Feedback appreciated.
Options: -Xms2g -Xmx2g -XX:+AlwaysPreTouch -XX:+UseJVMCICompiler
Benchmark Mode Cnt Score Error Units
IntrinsicsArrayCopy_AverageTime.manual avgt 2 103022.322 ns/op
IntrinsicsArrayCopy_AverageTime.system avgt 2 78596.127 ns/op
Options: -Xms2g -Xmx2g -XX:+AlwaysPreTouch -XX:-UseJVMCICompiler
Benchmark Mode Cnt Score Error Units
IntrinsicsArrayCopy_AverageTime.manual avgt 2 53958.507 ns/op
IntrinsicsArrayCopy_AverageTime.system avgt 2 53771.134 ns/op
Options: -Xms2g -Xmx2g -XX:+AlwaysPreTouch
Benchmark Mode Cnt Score Error Units
IntrinsicsArrayCopy_AverageTime.manual avgt 2 54005.722 ns/op
IntrinsicsArrayCopy_AverageTime.system avgt 2 54137.458 ns/op
package org.sample;
import java.util.Random;
import java.util.concurrent.TimeUnit;
import org.openjdk.jmh.annotations.Benchmark;
import org.openjdk.jmh.annotations.BenchmarkMode;
import org.openjdk.jmh.annotations.Fork;
import org.openjdk.jmh.annotations.Measurement;
import org.openjdk.jmh.annotations.Mode;
import org.openjdk.jmh.annotations.OutputTimeUnit;
import org.openjdk.jmh.annotations.Scope;
import org.openjdk.jmh.annotations.Setup;
import org.openjdk.jmh.annotations.State;
import org.openjdk.jmh.annotations.Warmup;
@State(Scope.Thread)
@BenchmarkMode(Mode.AverageTime)
@OutputTimeUnit(TimeUnit.NANOSECONDS)
@Fork(1)
@Warmup(iterations = 2, time = 5, timeUnit = TimeUnit.SECONDS)
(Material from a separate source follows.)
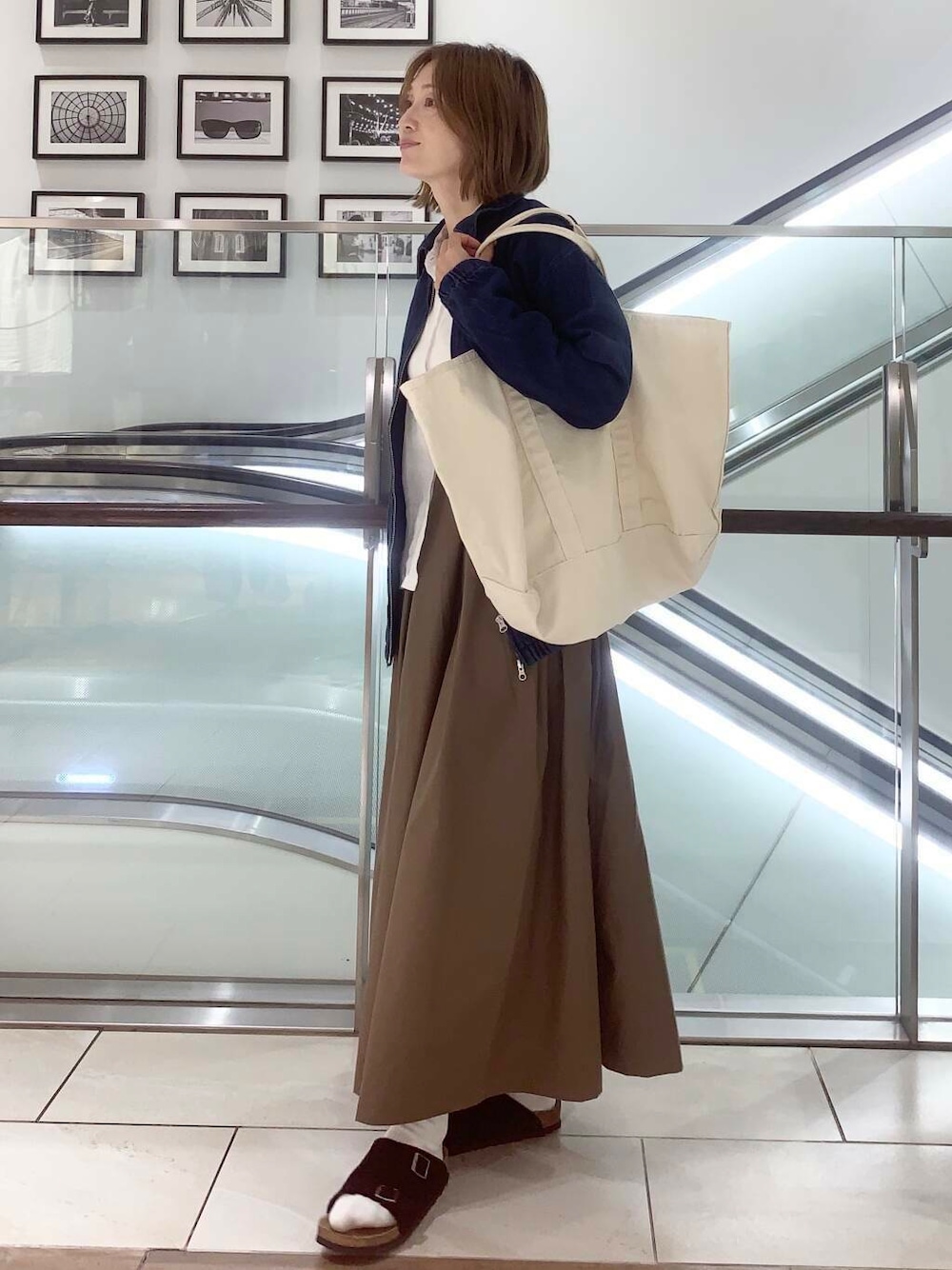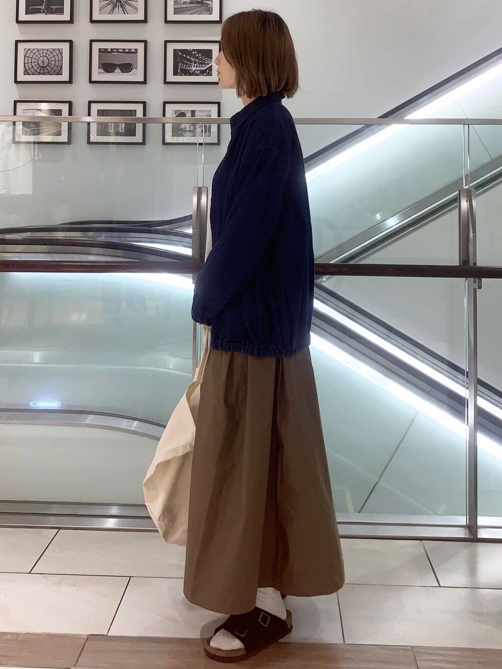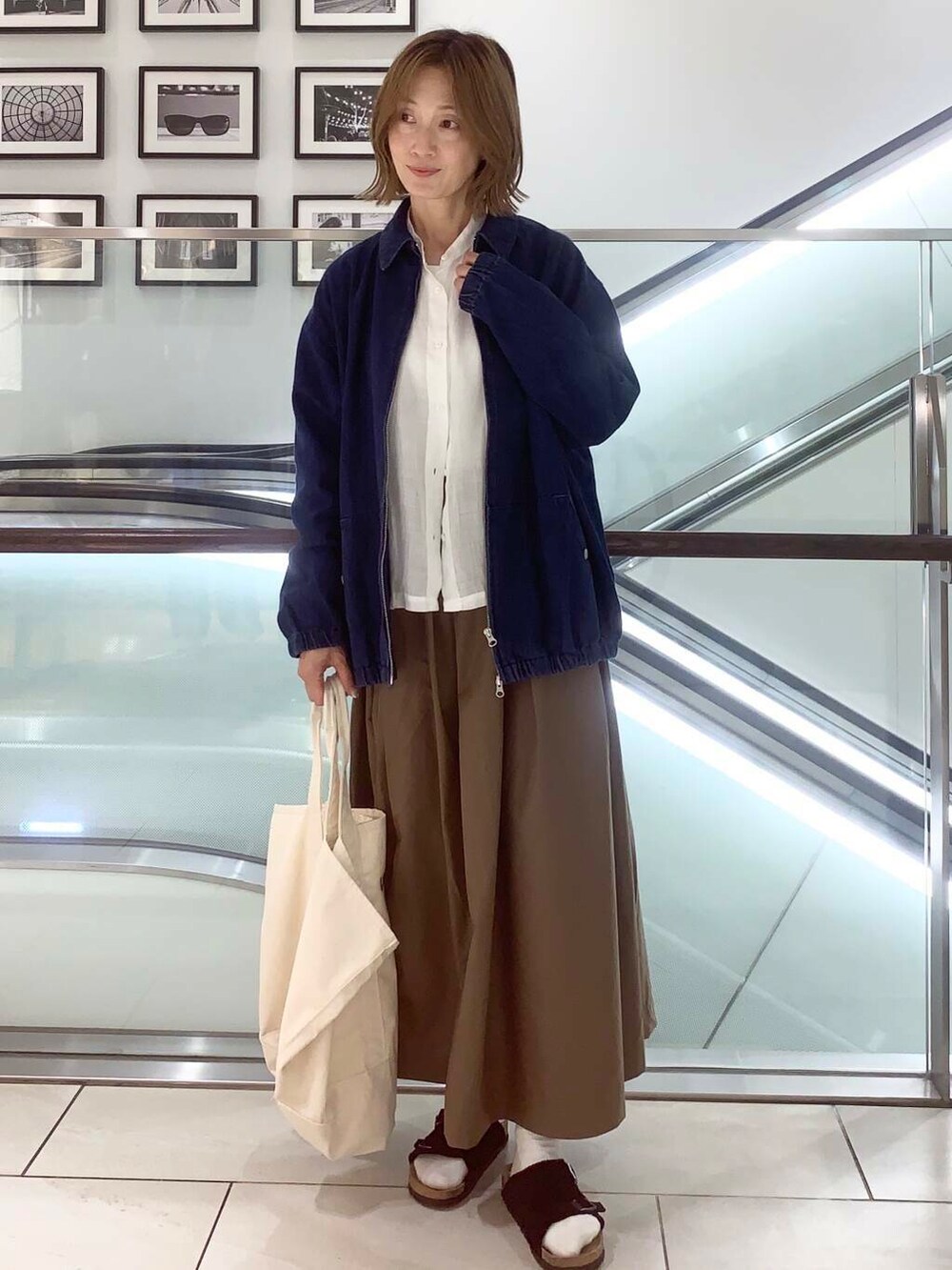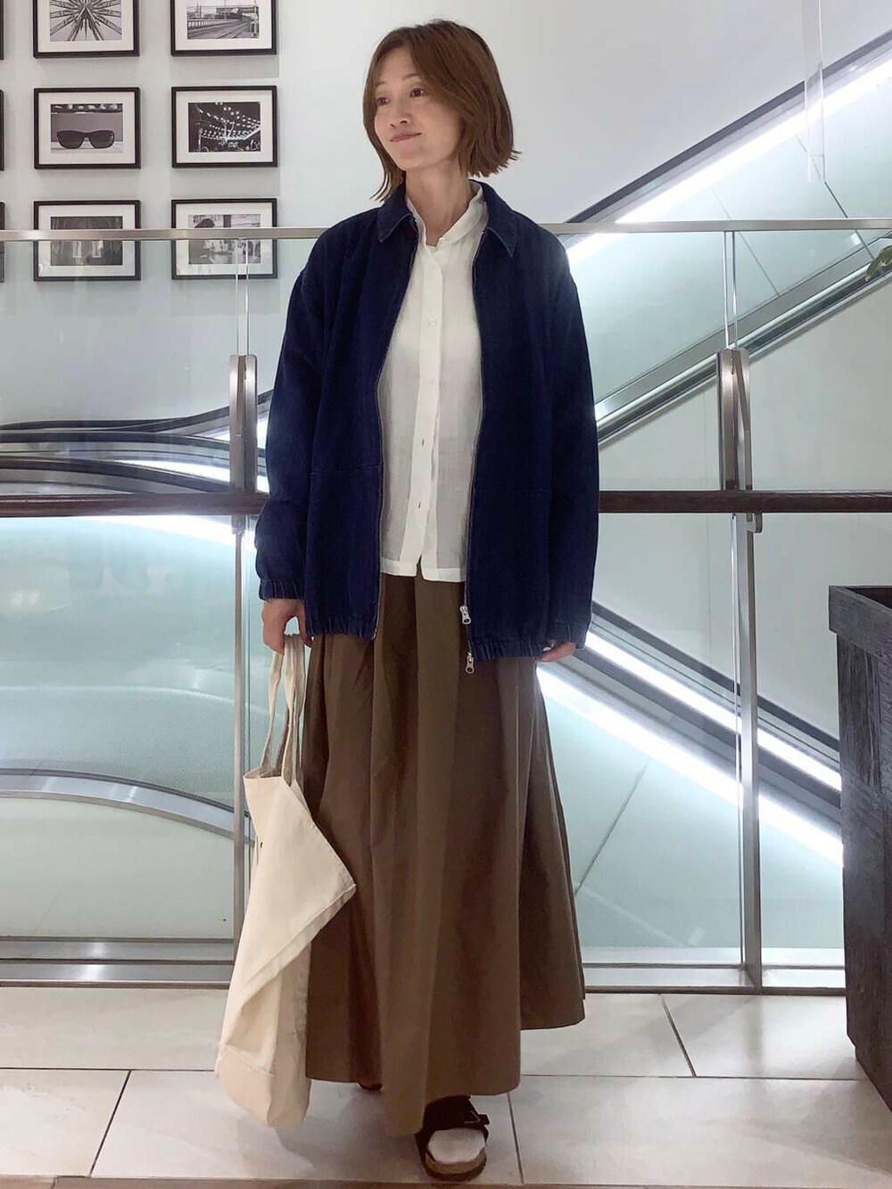 オーバーサイズのブルゾンを袖をまくるなどをあえてせずに着るのも、スカートスタイルには可愛いくて好きです!色味も良く、ベースの色となんでも合わせやすく馴染み過ぎないのでindigoおすすめです😊

@Measurement(iterations = 2, time = 2, timeUnit = TimeUnit.SECONDS)
public class IntrinsicsArrayCopy_AverageTime
{
final int SIZE = 100_000;
final int[] src = new int[SIZE];
@Setup
public void setup()
{
Random r = new Random();
for (int i = 0; i < SIZE; i++)
{
src[i] = r.nextInt(1000);
}
}
public int[] manualArrayCopy()
{
int[] target = new int[SIZE];
for (int i = 0; i < SIZE; i++)
{
target[i] = src[i];
}
return target;
}
public int[] systemArrayCopy()
{
int[] target = new int[SIZE];
System.arraycopy(src, 0, target, 0, SIZE);
return target;
}
@Benchmark
public int[] manual()
{
return manualArrayCopy();
}
@Benchmark
public int[] system()
{
return systemArrayCopy();
}
}
@rschwietzke thanks for the report. Is this measured with GraalVM EE or GraalVM CE?
GraalVM CE
Ok, thanks. We will investigate further.
Just an update on the data with RC13. Unchanged behavior. Hotspot is way faster for System.arrayCopy as well as the manual version.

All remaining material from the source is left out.